As reported in 2013 in the journal Cell, they found that loss of PKC zeta leads to metabolic changes that allow cancer cells to survive and proliferate under conditions of nutrient deprivation, resulting in tumour formation in mice and poor prognosis in human patients. But it has been challenging to develop therapies that target PKC zeta to restore tumour suppressive activity.

"An alternative approach is to look for cell vulnerabilities created by the loss of the tumour suppressor's function," says study author Maria Diaz-Meco, Ph.D., a professor in the Cancer Metabolism and Signaling Networks Program at SBP. "This is the rationale behind investigating the signalling pathways unleashed during PKC zeta inactivation in cancer."

To address this question, Moscat and Diaz-Meco focused on the potential involvement of miRNAs--molecules that play an important role in regulating gene activity.

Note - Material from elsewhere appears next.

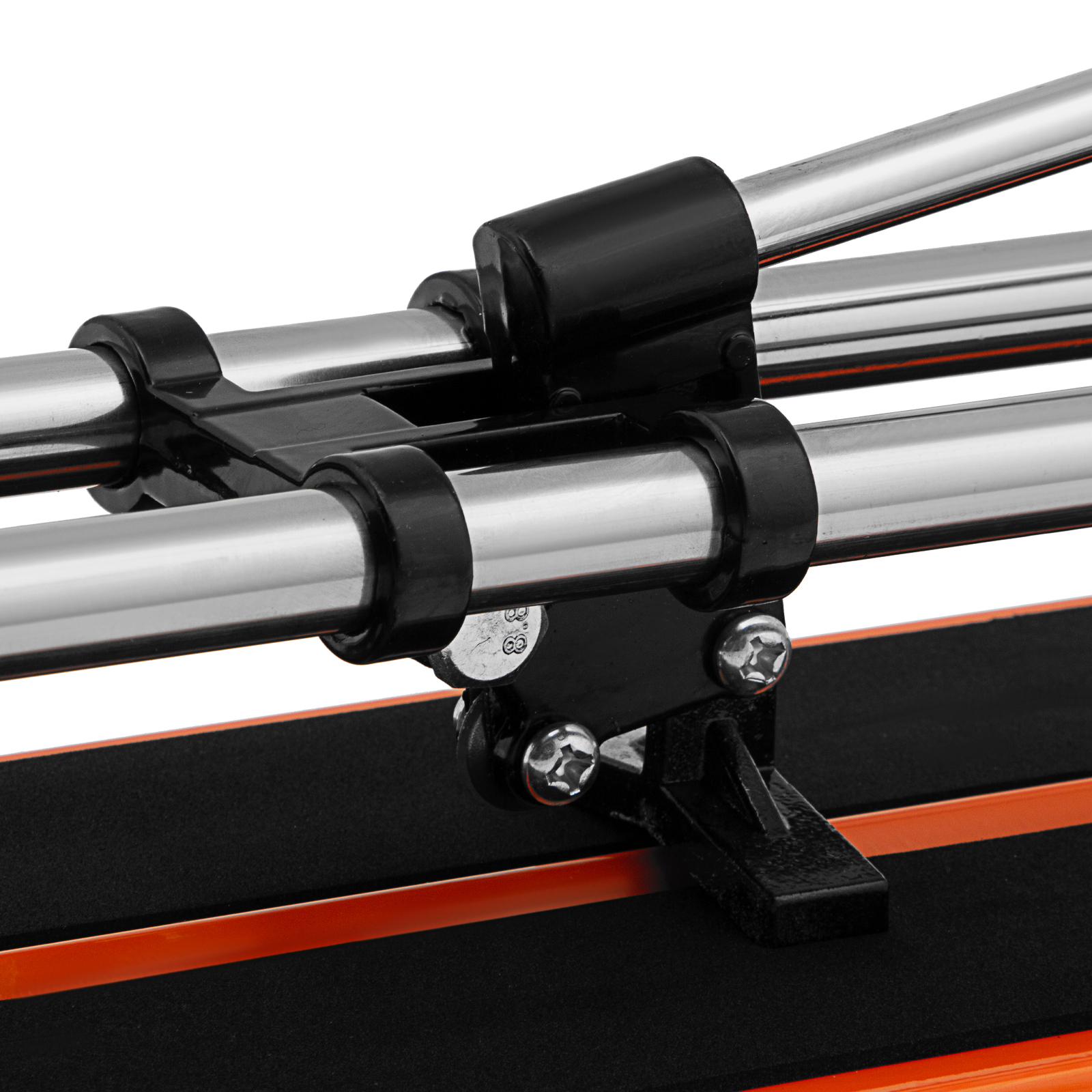 - Точность выполняемых работ — металлическая линейка-угольник облегчает позиционирование плитки на станине, твердосплавный режущий ролик обеспечивает аккуратный рез.

An increasing body of evidence has shown that dysregulated miRNAs are associated with certain hallmarks of cancer, including sustained proliferation, resistance of cell death, and metastasis.

"Understanding the mechanisms controlling the expression of miRNAs is emerging as a novel approach to design better strategies to treat metastasis," Moscat says. "Whether PKC zeta is involved in the repression of tumour initiation and survival--and also restrains metastasis through the regulation of the expression of miRNAs, had not previously been explored."

In the new study, the researcher team screened PKC zeta-deficient human colorectal cancer cells for changes in miRNAs.

They found that loss of PKC zeta is most prominently associated with decreased levels of the miR-200 family.

Additional experiments showed that PKC zeta deficiency promotes liver metastasis of colorectal cancer cells through ADAR2 inactivation, which increases the loading of miR-200s into vesicles that are subsequently secreted by the cells.

Consistent with this finding, colorectal cancer patients with metastatic tumours have increased blood levels of vesicles containing miR-200s.

In mice with colorectal cancer, injection of a compound that inhibits the secretion of miR-200s significantly reduced liver metastasis.

"Altogether the results reported here highlight the importance of identifying signalling vulnerabilities unleashed upon the inactivation of tumour suppressors and establish PKC zeta-derived signals controlling miR-200s as potentially important therapeutic targets in cancer metastasis," Diaz-Meco says.

Moreover, the discovery that ADAR2 is a key vulnerability of PKC zeta-deficient cells could have broad clinical relevance, in light of past studies showing that this enzyme acts as a tumour suppressor in brain cancer, stomach cancer, liver cancer, and oesophageal cancer.

Despite the importance of ADAR2 in a wide range of cancers, little is known about how it inhibits tumour growth and migration.

In future studies, Moscat and his collaborators will address this question by investigating how ADAR2 regulates the secretion of miR-200s.

"Given that metastasis accounts for more than 90% of all cancer-related deaths, identifying a therapeutic target that regulates the spreadof multiple types of tumours could have a tremendous impact on patient survival," Moscat says.